### Supplied data
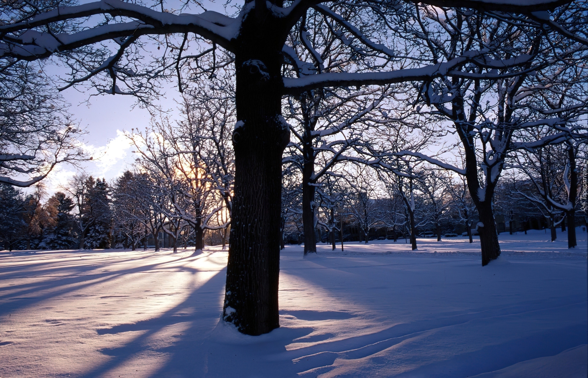 Edytor tapety: Zima, Drzewa, Przebijające Światło
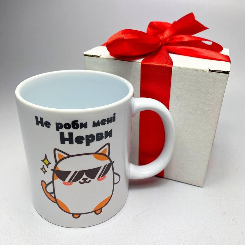 Кружка керамічна з принтом "не роби мені нерви" 330 мл у подарунковій коробці з бантом
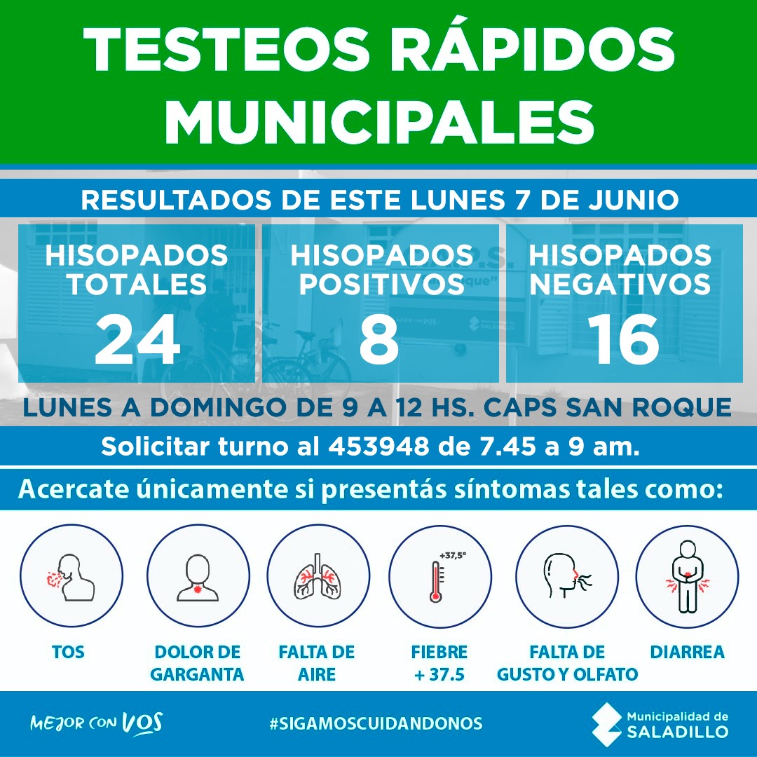 SaladilloInformación General Testeos rápidos: Hoy se registraron 8 nuevos casos positivos junio 7, 2021 - Publicidad - RESULTADOS TESTEOS RÁPIDOS MUNICIPALES Lunes 07-6-2021 Hisopados totales: 24Hisopados positivos: 8Hisopados negativos: 16
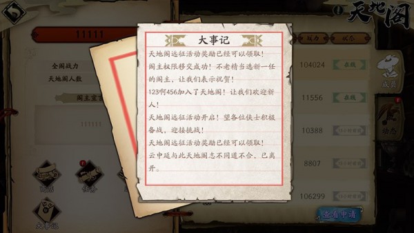 2、天地阁的成员变动、任命记录以及远征相关信息会在这里展示。
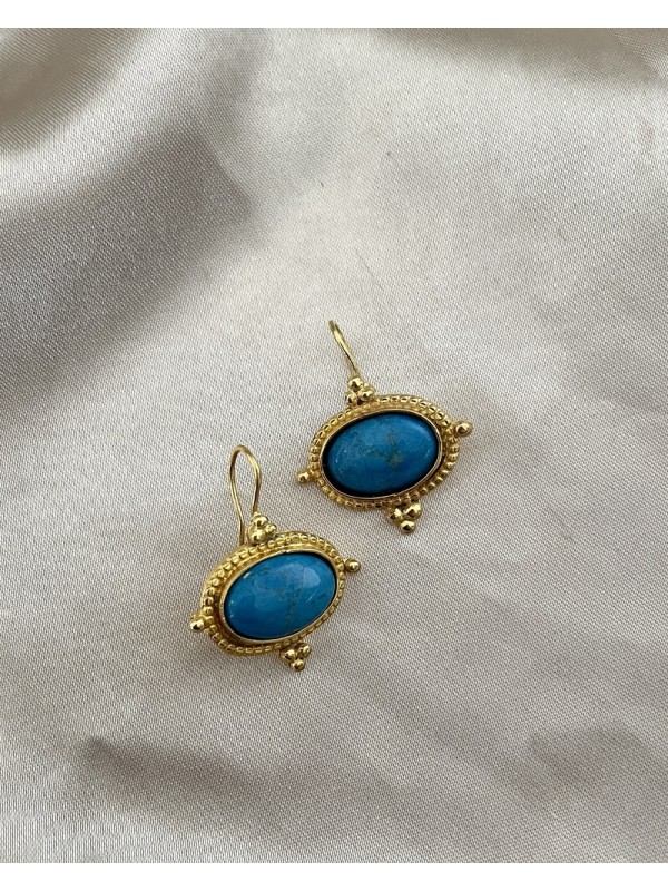 Boucles d’oreilles dorées, ornées d’une pierre turquoise ovale

### What this task involves
Only the text of the listing above is wanted, transcribed exactly, without its images.

### Response
 Edytor tapety: Zima, Drzewa, Przebijające Światło
 Кружка керамічна з принтом "не роби мені нерви" 330 мл у подарунковій коробці з бантом
 SaladilloInformación General Testeos rápidos: Hoy se registraron 8 nuevos casos positivos junio 7, 2021 - Publicidad - RESULTADOS TESTEOS RÁPIDOS MUNICIPALES Lunes 07-6-2021 Hisopados totales: 24Hisopados positivos: 8Hisopados negativos: 16
 2、天地阁的成员变动、任命记录以及远征相关信息会在这里展示。
 Boucles d’oreilles dorées, ornées d’une pierre turquoise ovale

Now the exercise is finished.